(Records from a data collection)

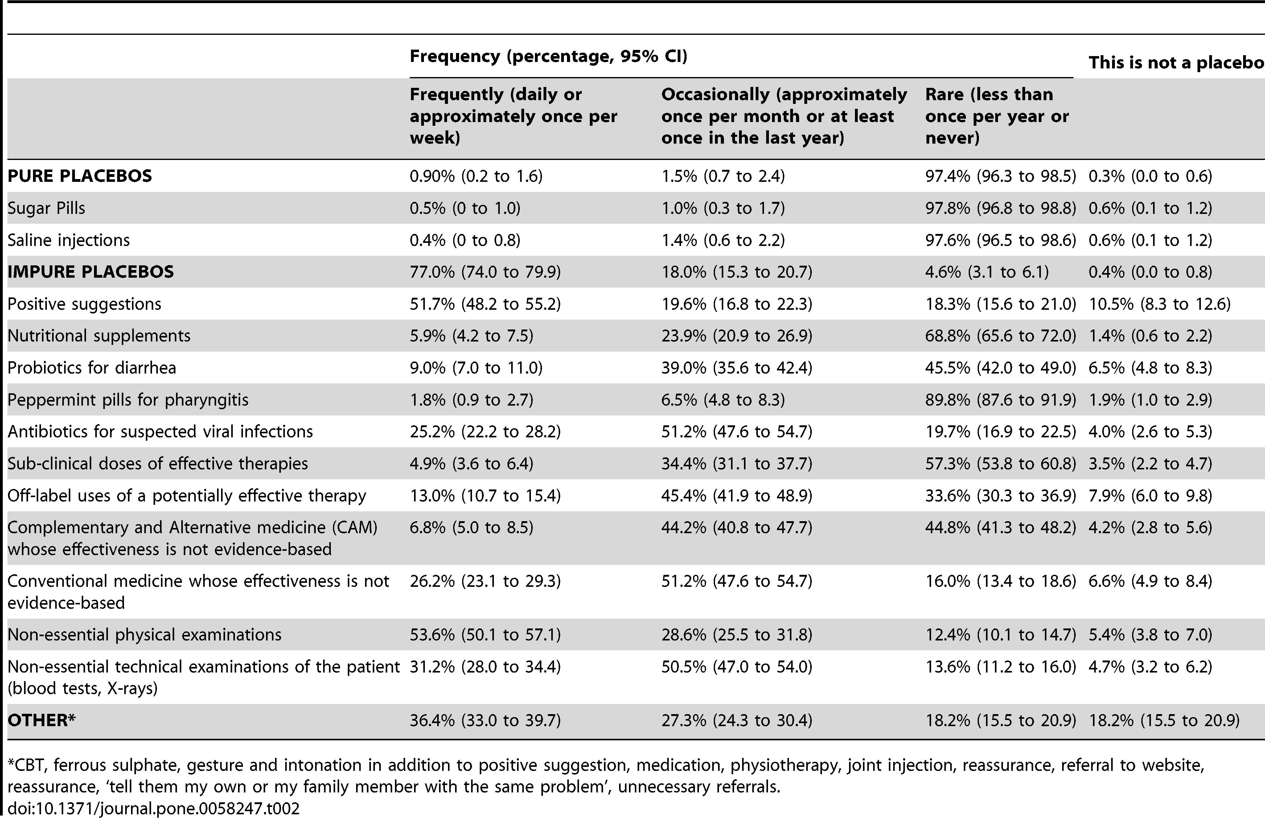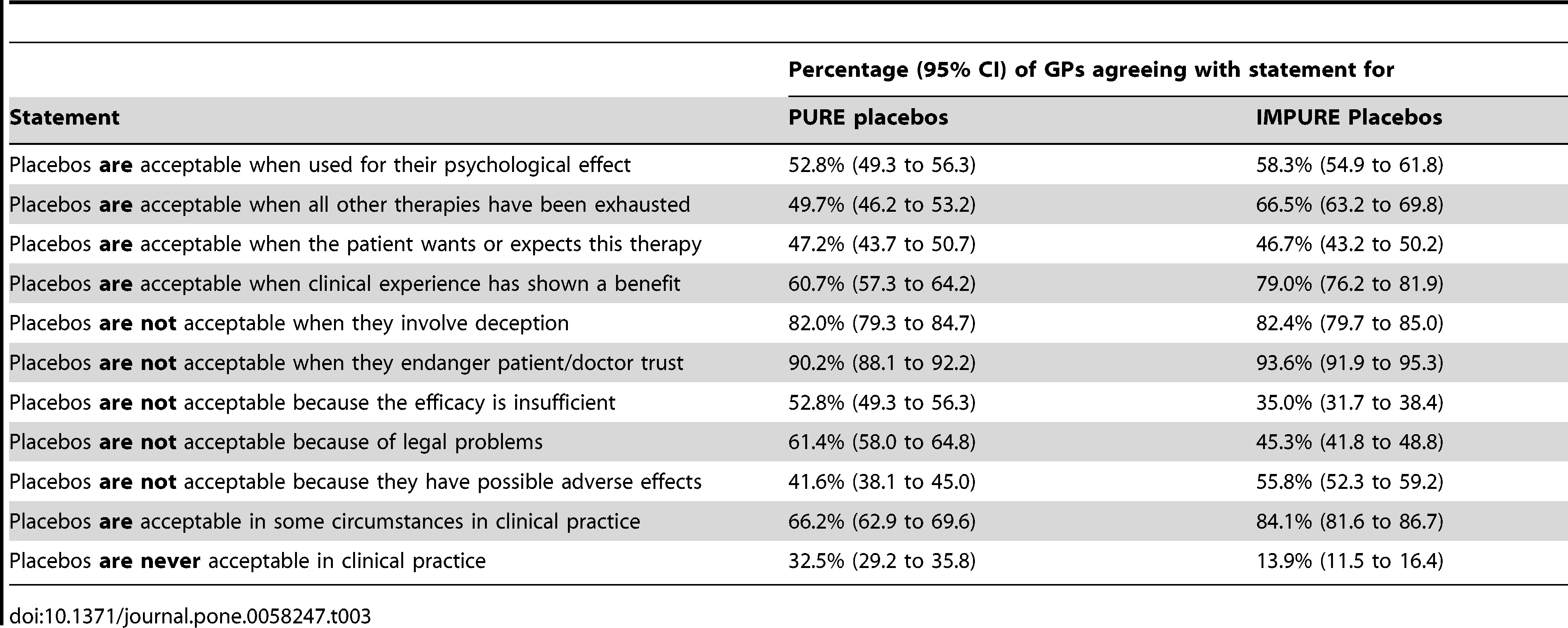 Howick J., Bishop F.L., Heneghan C., Wolstenholme J., Stevens S., Hobbs F.D.R., Lewith G. & Manchikanti L. (2013). Placebo Use in the United Kingdom: Results from a National Survey of Primary Care Practitioners, PLoS ONE, 8 (3) e58247. DOI: 10.1371/journal.pone.0058247.t003
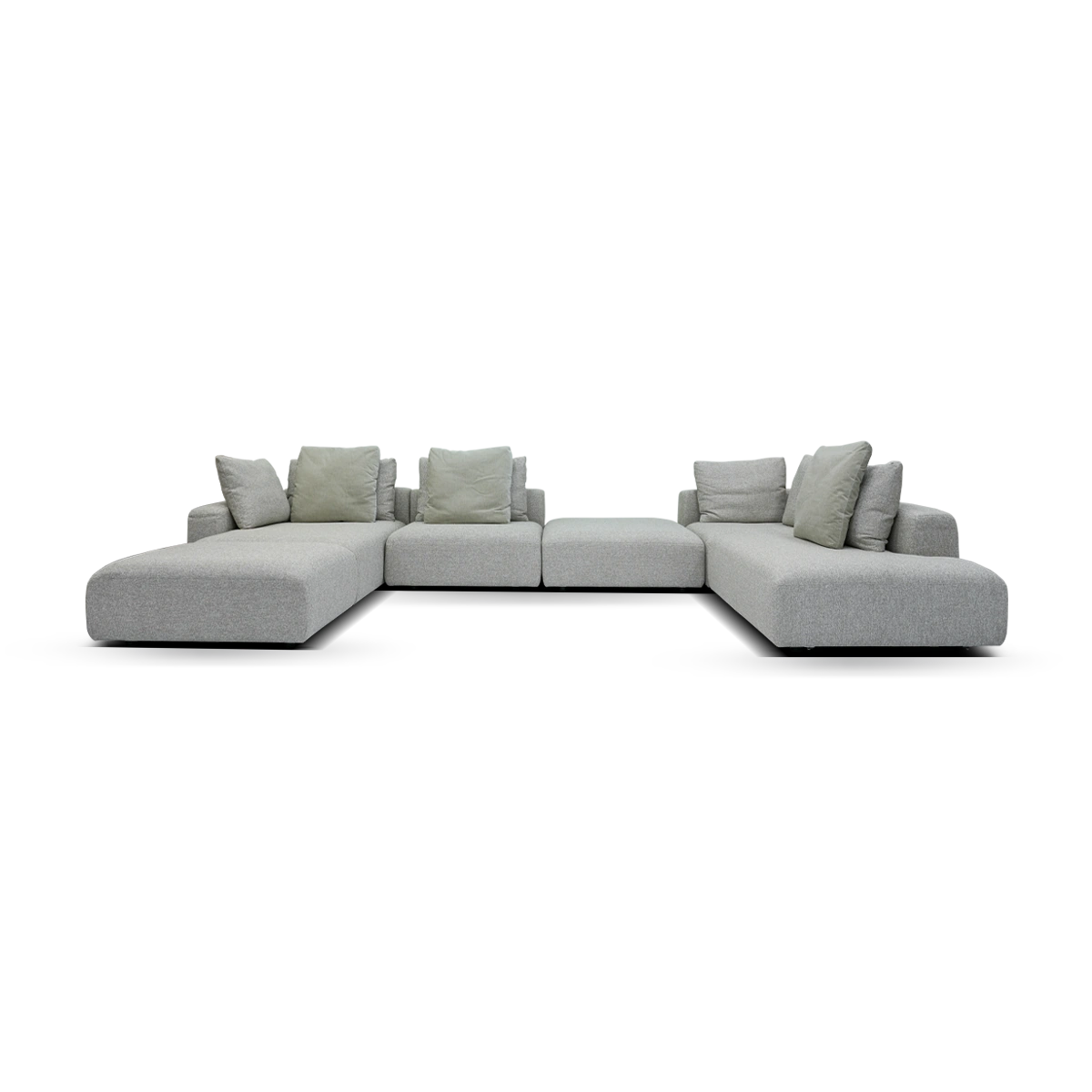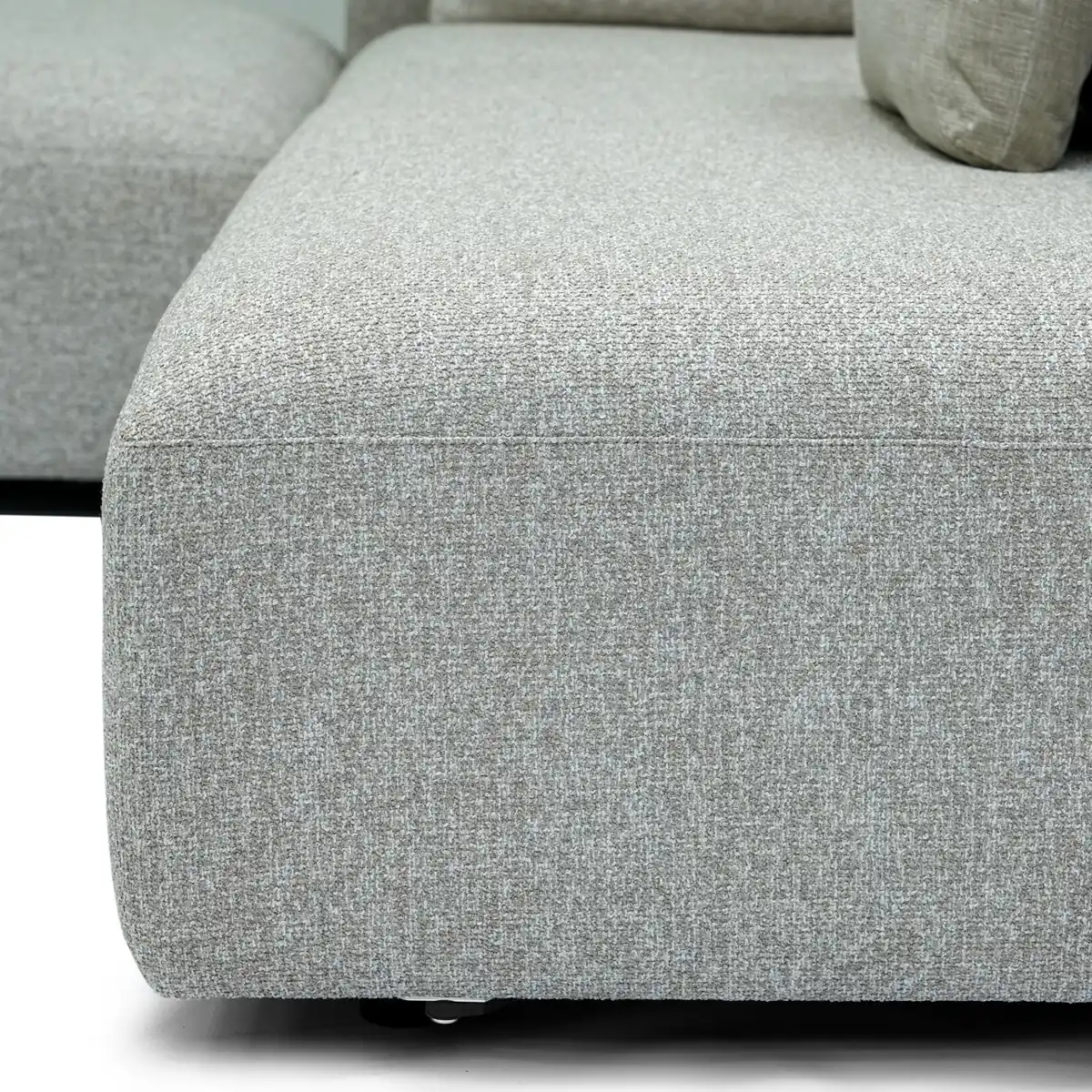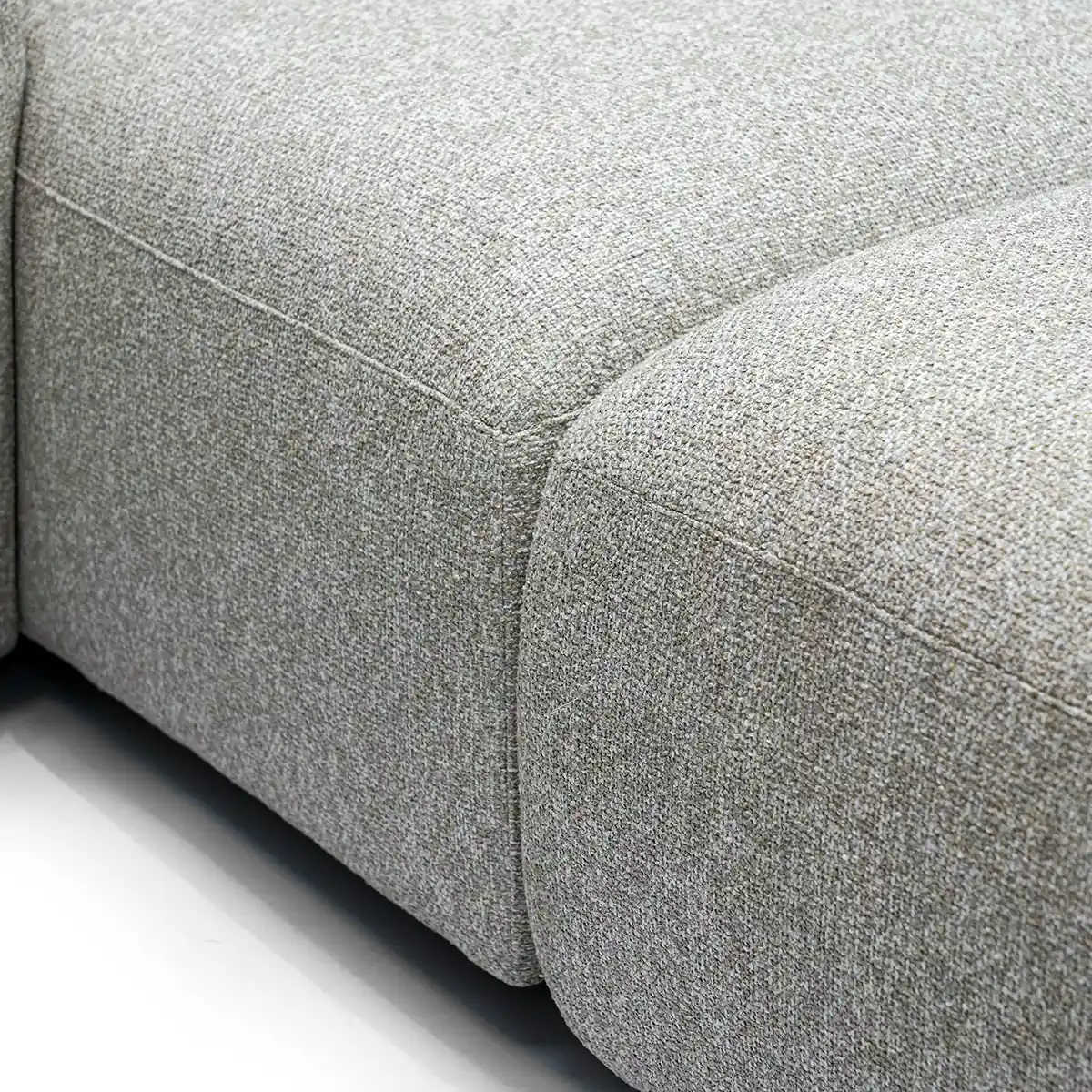 Crafted with a strong pine wood and plywood frame, the Reverso sofa promises long-lasting durability and steady support. The plush feather-filled cushions offer a soft, sink-in feel, while the textured fabric adds depth and character to the design. With its expansive L-shaped structure and plastic legs that provide lightweight stability, the sofa blends style, comfort, and functionality effortlessly.
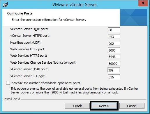 - If you used custom ports in vCenter 5.1, then make sure you know what they are, so that you can configure them here. You will have to modify your firewall rules since the vCenter services are now centralised.
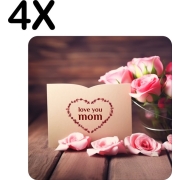 BWK Luxe Placemat - I Love Mom - Moederdag - Rozen - Set van 4 Placemats - 40x40 cm - 2 mm dik Vinyl - Anti Slip - Afneembaar
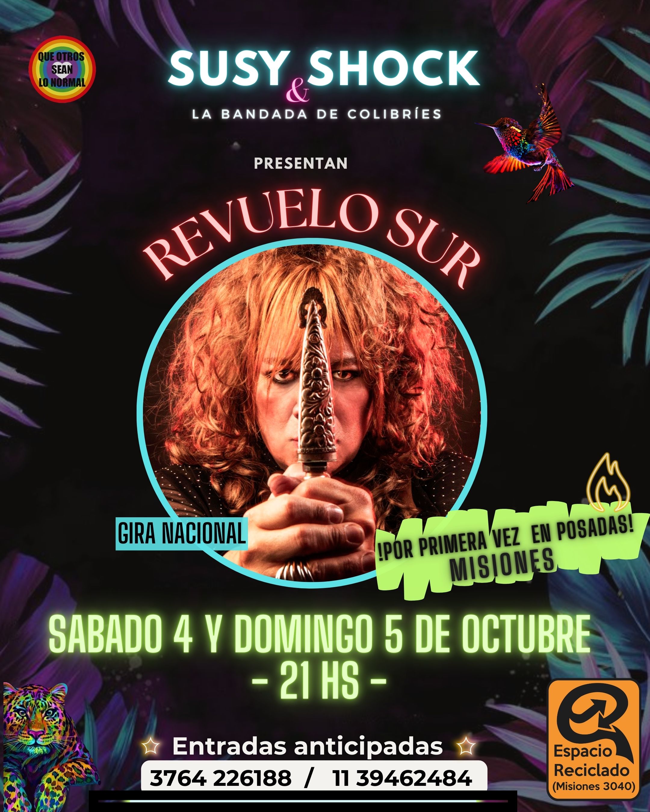 Susy Shock es poeta, cantante, actriz y referente de la cultura trava en Argentina. Desde Buenos Aires, llega por primera vez a Posadas con su banda La Bandada de Colibríes para compartir el repertorio de Revuelo Sur, un disco que recorre tangos, valses, milongas, candombes y marchas camión.

[Work required]
In the copy, leave out all pictures, and retype exactly each line from the one with "- If you used" through the last line of the entries.

[Task response]
 - If you used custom ports in vCenter 5.1, then make sure you know what they are, so that you can configure them here. You will have to modify your firewall rules since the vCenter services are now centralised.
 BWK Luxe Placemat - I Love Mom - Moederdag - Rozen - Set van 4 Placemats - 40x40 cm - 2 mm dik Vinyl - Anti Slip - Afneembaar
 Susy Shock es poeta, cantante, actriz y referente de la cultura trava en Argentina. Desde Buenos Aires, llega por primera vez a Posadas con su banda La Bandada de Colibríes para compartir el repertorio de Revuelo Sur, un disco que recorre tangos, valses, milongas, candombes y marchas camión.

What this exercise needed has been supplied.